MOSCOW (MRC) -- Oil refiners’ profits for transportation fuels fell further this week, with the margin for gasoline turning negative for the first time in more than a year, according to Refinitiv data, said Hydrocarbonprocessing.
The margins plunged to new multi-year or multi-month lows this week after more countries globally imposed further travel restrictions and curbed domestic movements as part of measures to slow down spread of the coronavirus.
Airlines and airports are facing a huge shock as they battle a cash crunch resulting from the coronavirus, while gasoline demand in the United States, the world’s largest oil consumer, is plunging as state and local governments advise people to stay home and businesses shut.
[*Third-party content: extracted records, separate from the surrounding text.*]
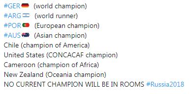 更加残酷的是,新科美洲杯冠军智利、新科中北美金杯赛冠军美国、新科非洲国家杯冠军喀麦隆以及新科大洋洲国家杯冠军新西兰甚至都没有拿到2018俄罗斯世界杯的参赛席位。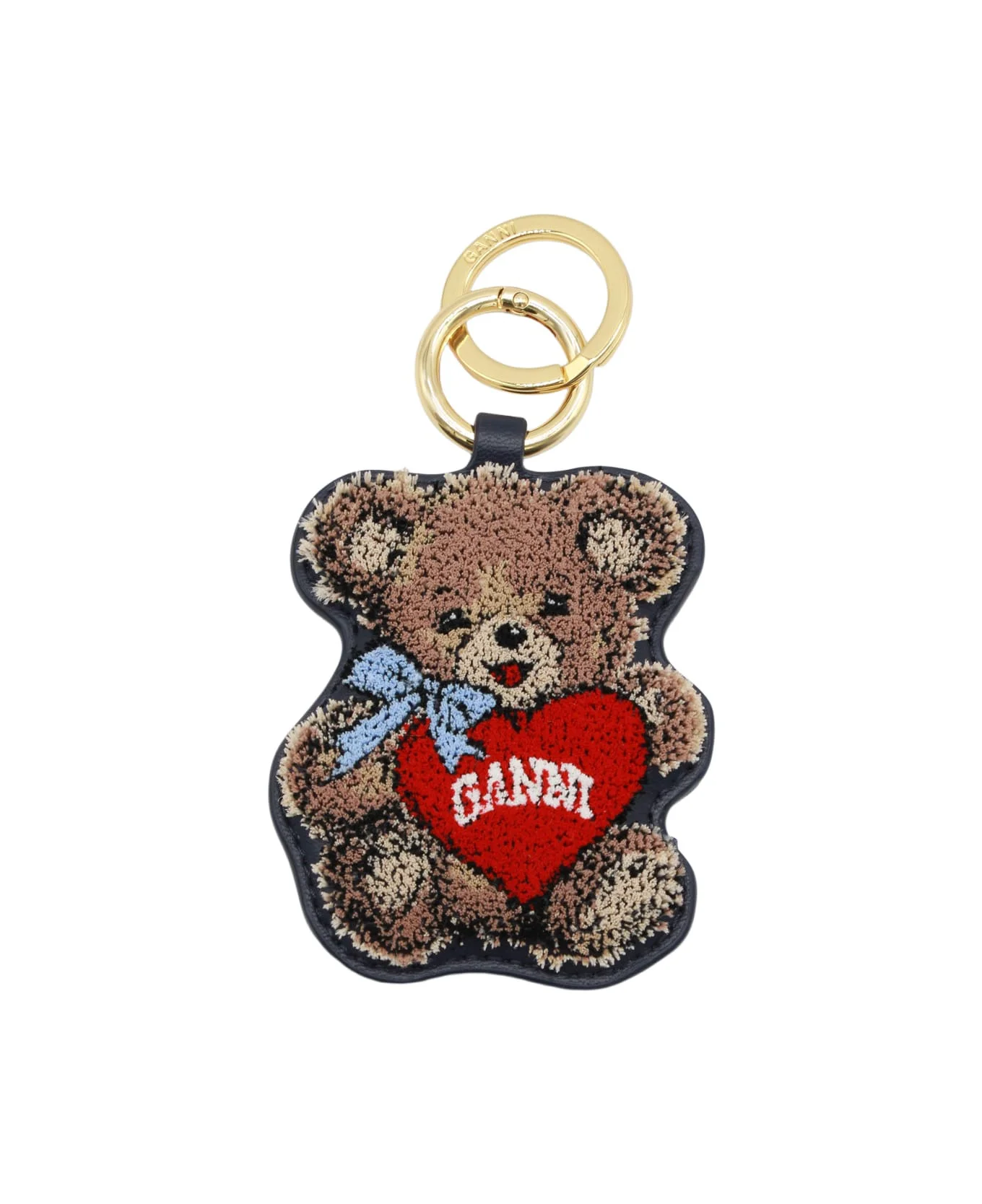 Black leather keyring from Ganni featuring gold tone hardware. Composition: _, 65% Recyled Le, 19% Plu, 16% Polyester Made in: China Color: BLACK/IRIS Model number: B3010055096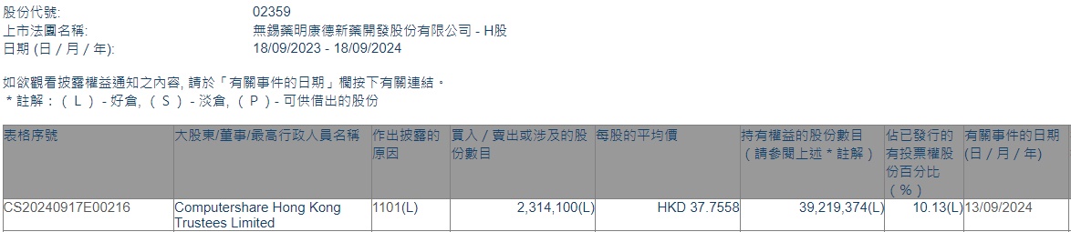 智通财经APP获悉,香港联交所最新资料显示,9月13日,Computershare Hong Kong Trustees Limited增持药明康德(02359)231.41万股,平均每股作价为37.7558港元,总金额约为8737.07万港元。增持后最新持股数目约为3921.94万股,最新持股比例为10.13%。

In Asia, refiners are now losing 78 cents on every barrel of gasoline they produce from Brent crude, their widest loss in 13 months. U.S. gasoline refining margins RBc1-CLc1 fell a whopping 95% on Monday - briefly turning negative - to settle at 28 cents per barrel, their lowest since December 2008.
Asian refining margins, or cracks, for jet fuel plunged to USD4.71 per barrel over Dubai crude, the lowest on record for Refinitiv data going back to March 2009. They were at USD7.70 on Friday.
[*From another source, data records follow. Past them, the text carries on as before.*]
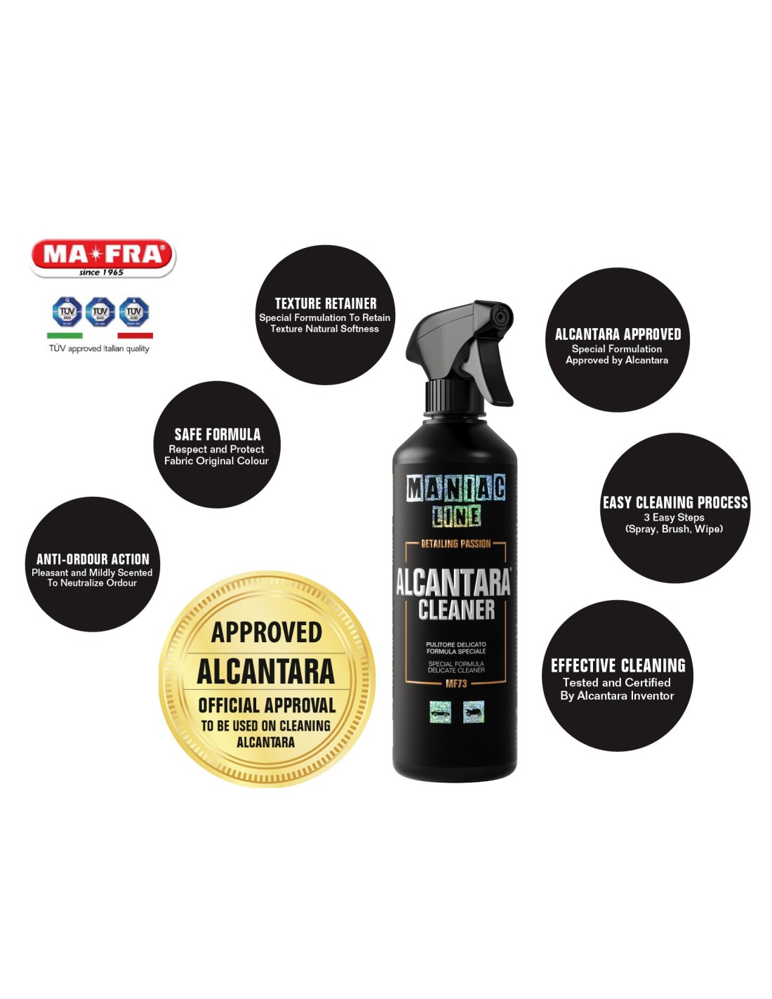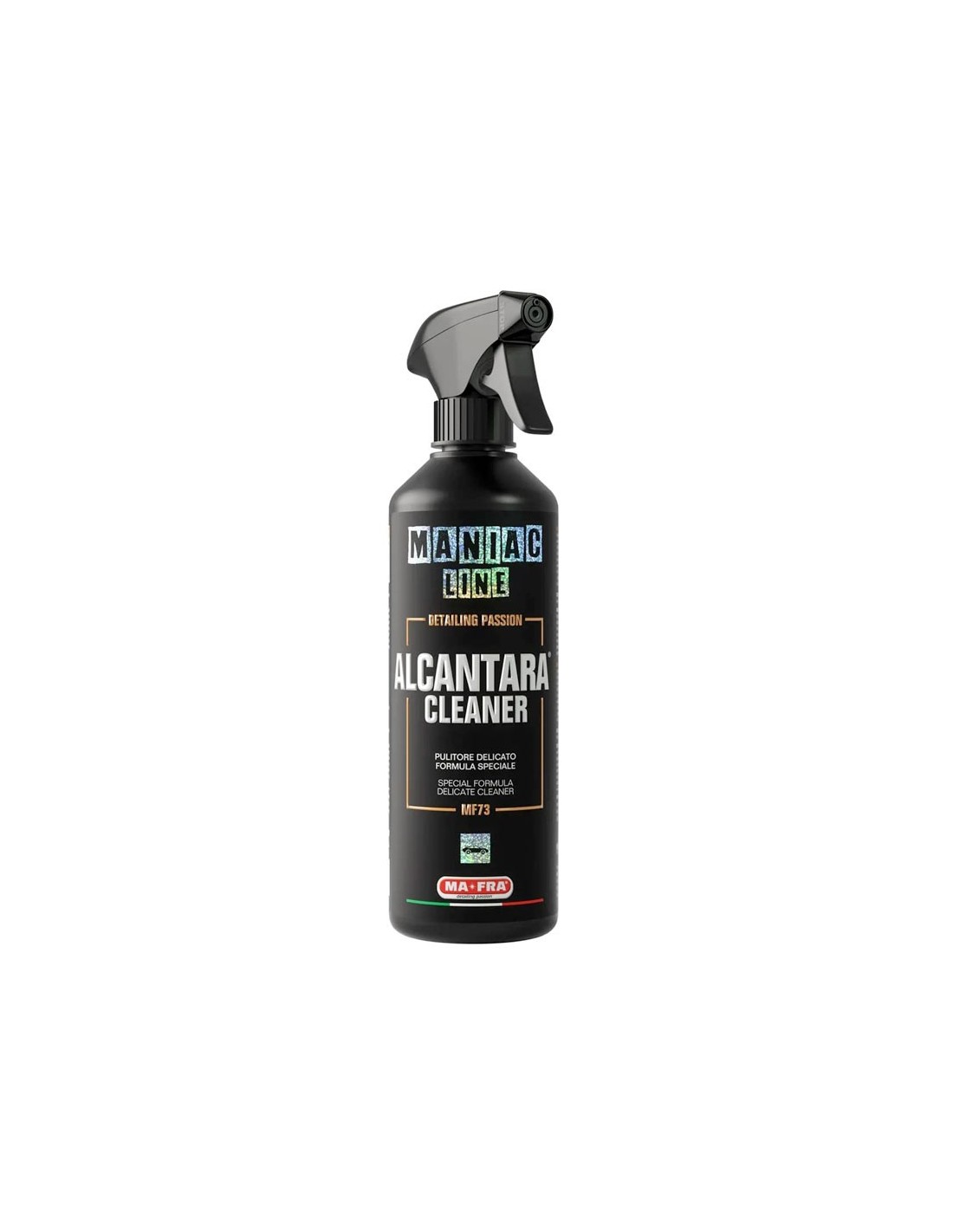 O Alcantara Cleaner da Maniac Line é um detergente específico para limpar e renovar superfícies em Alcântara, microfibras e tecidos delicados. Remove eficazmente sujidade, manchas e odores sem comprometer a textura ou cor do material. A sua fórmula avançada é capaz de eliminar resíduos gordurosos, marcas de uso e impurezas acumuladas, deixando as superfícies macias e com um aspeto renovado. Seguro para interiores automóveis e móveis revestidos a tecido.VANTAGENS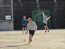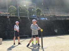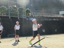今日の上野は朝からよく晴れていて、午前中は雲一つなく、青空が広がっていました。運動場では小学5年生が体育の授業で”ティーボール”をしていました。今日はその1時間目でした。5年生11名のうち、ソフトボールや野球をしているのは一人だけなので、バットにボールが当たらなかったり、投げられたボールを受けることができなかったりしていましたが、みんな楽しそうでした。後半にはキャッチボールをする時間もありました。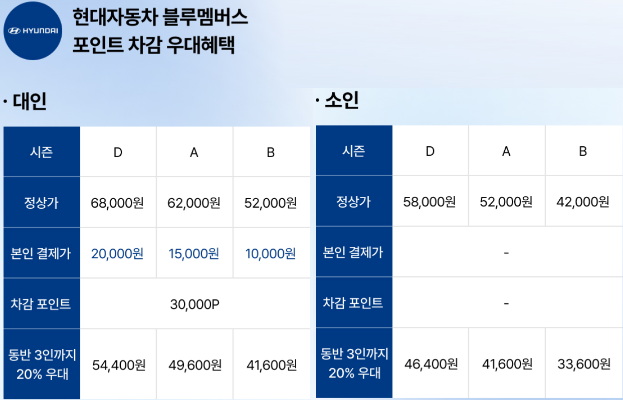 현대 M포인트, 현대 블루멤버스, 기아멤버스 | 포인트 차감 방식 할인 |

“I don’t expect any recovery yet for jet fuel (margins), and I’m very much concerned (to know) if the current level is bottom yet ... But jet fuel will be the last to recover when the economy recovers,” a Singapore-based jet fuel trader said.
"The world has to wait for every country to go through this virus peak. Then demand will slowly come back, but my guess is probably not before late third quarter," she said.
Cracks for aviation fuel have shed nearly 70% since the beginning of this year as flight cancellations across regions led to unprecedented losses for airlines.
Asian refiners may have to curtail jet fuel output due to the weakening demand. Jet fuel cannot typically be stored for long periods as its quality would degrade, increasing the incentive for refiners to produce less of the fuel.
“When crude prices fell heavily early last week… it gave incentive to refineries to keep runs unchanged. Eventually, with virus-related situation developing, it’s now the second time for global refineries to think of run cuts again,” a Seoul-based middle distillates trader said.
As MRC wrote before, Saudi Aramco expects the coronavirus impact on oil demand to be short-lived and for consumption to rise in the second half of the year, Chief Executive Amin Nasser told Reuters in late February 2020.
Ethylene and propylene are feedstocks for producing polyethylene (PE) and polypropylene (PP).
According to MRC's ScanPlast report, Russia's estimated PE consumption totalled 215,390 tonnes in the first month of 2020, up by 23% year on year. Shipments of all grades of high density polyethylene (HDPE) and linear low density polyethylene (LLDPE) increased due to higher capacity utilisation at ZapSibNeftekhim. At the same time, PP shipments to the Russian market were 127,240 tonnes in January 2020, up by 33% year on year. ZapSibNeftekhim's homopolymer PP accounted for the main increase in shipments.